CGAL 5.3 - Quadtrees, Octrees, and Orthtrees
CGAL::Orthtree< Traits_, PointRange_, PointMap_ > Class Template Reference

#include <CGAL/Orthtree.h>

Definition

template<typename Traits_, typename PointRange_, typename PointMap_ = Identity_property_map<typename Traits_::Point_d>>
class CGAL::Orthtree< Traits_, PointRange_, PointMap_ >

A data structure using an axis-aligned hybercubic decomposition of dD space for efficient point access and computations.

It builds a hierarchy of nodes which subdivide the space based on a collection of points. Each node represents an axis-aligned hypercubic region of space. A node contains the range of points that are present in the region it defines, and it may contain \(2^{dim}\) other nodes which further subdivide the region.

See also
CGAL::Quadtree
CGAL::Octree
Template Parameters
Traits_must be a model of OrthtreeTraits
PointRange_must be a model of range whose value type is the key type of PointMap_
PointMap_must be a model of ReadablePropertyMap whose value type is Traits_::Point_d
Examples:
Orthtree/orthtree_build.cpp.

Classes

class  Node
 represents a single node of the tree. More...
 

Template Types

typedef PointRange_ PointRange
 Point range.
 
typedef PointMap_ PointMap
 Point map.
 

Traits Types

typedef Traits::Dimension Dimension
 Dimension of the tree.
 
typedef Traits::FT FT
 Number type.
 
typedef Traits::Point_d Point
 Point type.
 
typedef Traits::Bbox_d Bbox
 Bounding box type.
 
typedef Traits::Sphere_d Sphere
 Sphere type.
 

Public Types

typedef Orthtree< Traits, PointRange, PointMapSelf
 Self typedef for convenience.
 
typedef Dimension_tag<(2<<(Dimension::value-1))> Degree
 Degree of the tree (number of children of non-leaf nodes).
 
typedef std::function< bool(Node)> Split_predicate
 A predicate that determines whether a node must be split when refining a tree.
 
typedef unspecified_type Node_range
 A model of ConstRange whose value type is Node.
 

Constructor

 Orthtree (PointRange &point_range, PointMap point_map=PointMap(), const FT enlarge_ratio=1.2, Traits traits=Traits())
 creates an orthtree from a collection of points. More...
 

Tree Building

void refine (const Split_predicate &split_predicate)
 recursively subdivides the orthtree until it meets the given criteria.

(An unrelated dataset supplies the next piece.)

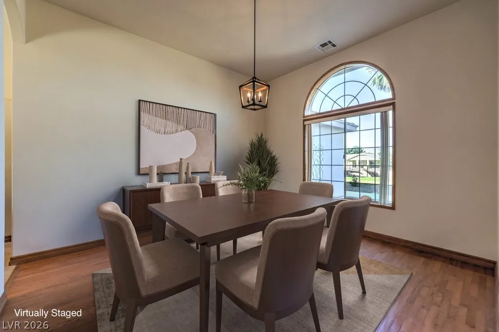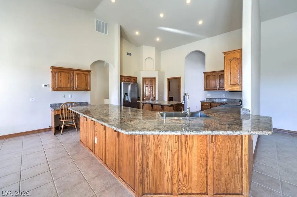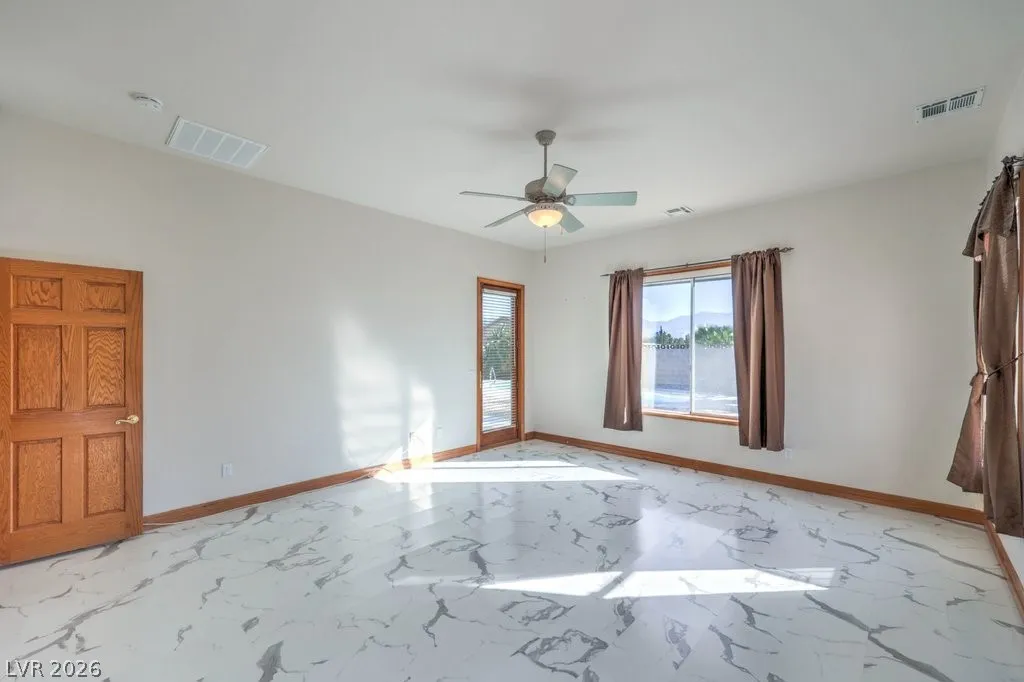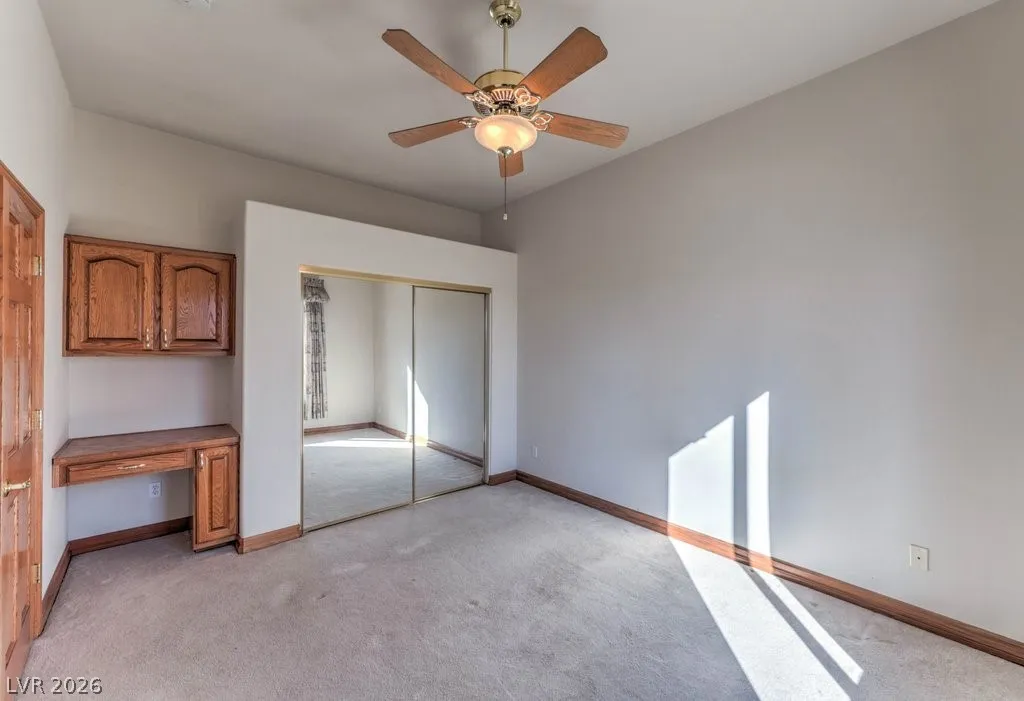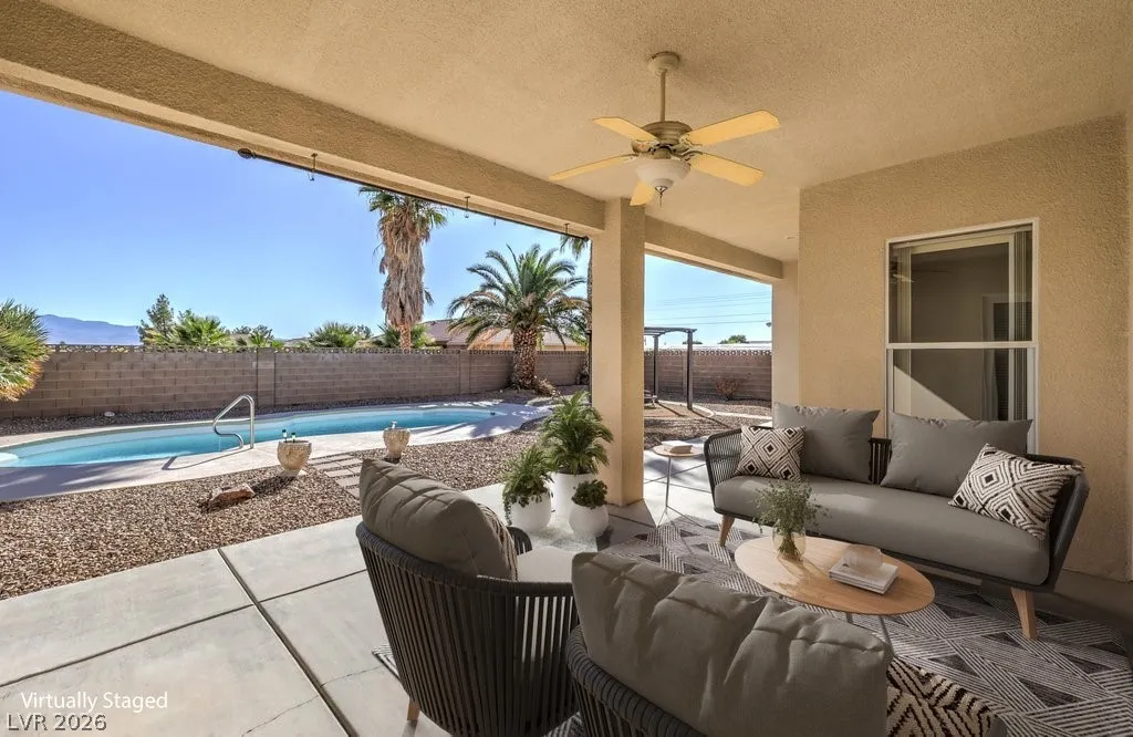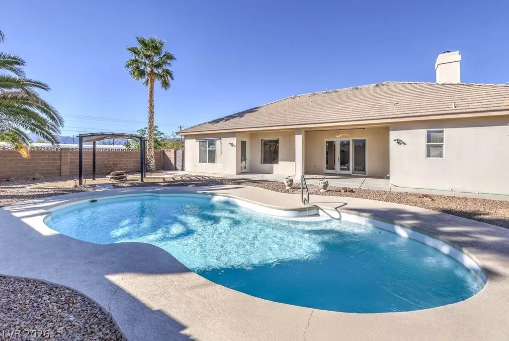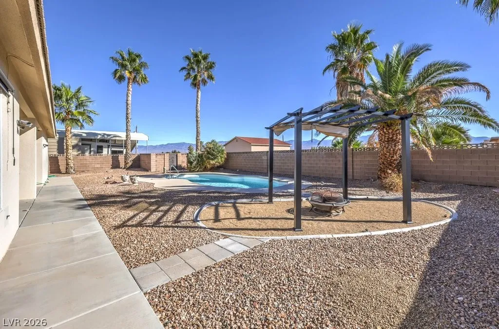 Dream property on 2.2 acres — perfect blend of comfort, functionality, & country luxury! Nearly 3,000 sq ft home features 4 bed + 4 bath. Kitchen is a chef’s dream w/granite countertops, stainless appliances, & ample cabinetry. Great room features vaulted ceilings, cozy fireplace, & wet bar. Formal dining room + chandelier-lit foyer set the tone for refined living. Primary suite offers pool access, walk-in closets, & 5-piece bath. Step outside to enjoy 6’-deep in-ground pool & beautifully landscaped grounds. Car enthusiasts and hobbyists will love the 876sqft attached garage, 1,800sqft detached RV carport + hookups, & massive 2,400sqft 3-bay shop complete w/car lift and 30/30/120 amp power. Horse lovers will appreciate the 1,296sqft barn featuring six 12×12 stalls, pen, arena, & separate gated access for easy trailer entry. With private well, septic system, multiple gated entry points, and garden area, this estate offers it all— one hour from Vegas + Harry Reid International Airport.

More...
 
void refine (size_t max_depth=10, size_t bucket_size=20)
 Convenience overload that refines an orthtree using a maximum depth and maximum number of points in a node as split predicate. More...
 
void grade ()
 refines the orthtree such that the difference of depth between two immediate neighbor leaves is never more than 1.
 

Accessors

Node root () const
 returns the root node.
 
Node operator[] (std::size_t index) const
 Convenience function to access the child nodes of the root node by their indices. More...
 
std::size_t depth () const
 returns the deepest level reached by a leaf node in this tree (root being level 0).
 
template<typename Traversal >
Node_range traverse (const Traversal &traversal=Traversal()) const
 constructs a node range using a tree-traversal function. More...
 
Bbox bbox (const Node &node) const
 constructs the bounding box of a node. More...
 

Queries

Node locate (const Point &point) const
 finds the leaf node which contains the point p. More...
 
template<typename OutputIterator >
OutputIterator nearest_neighbors (const Point &query, std::size_t k, OutputIterator output) const
 finds the k nearest neighbors of query. More...
 
template<typename OutputIterator >
OutputIterator nearest_neighbors (const Sphere &query, OutputIterator output) const
 finds the points in sphere. More...
 
template<typename Query , typename OutputIterator >
OutputIterator intersected_nodes (const Query &query, OutputIterator output) const
 finds the leaf nodes that intersect with any primitive. More...
 

Operators

bool operator== (const Self &rhs) const
 compares the topology of the orthtree with that of rhs. More...
 
bool operator!= (const Self &rhs) const
 compares the topology of the orthtree with that of rhs.
 

Constructor & Destructor Documentation

◆ Orthtree()

template<typename Traits_, typename PointRange_, typename PointMap_ = Identity_property_map<typename Traits_::Point_d>>
CGAL::Orthtree< Traits_, PointRange_, PointMap_ >::Orthtree ( PointRange point_range,
PointMap  point_map = PointMap(),
const FT  enlarge_ratio = 1.2,
Traits  traits = Traits() 
)

creates an orthtree from a collection of points.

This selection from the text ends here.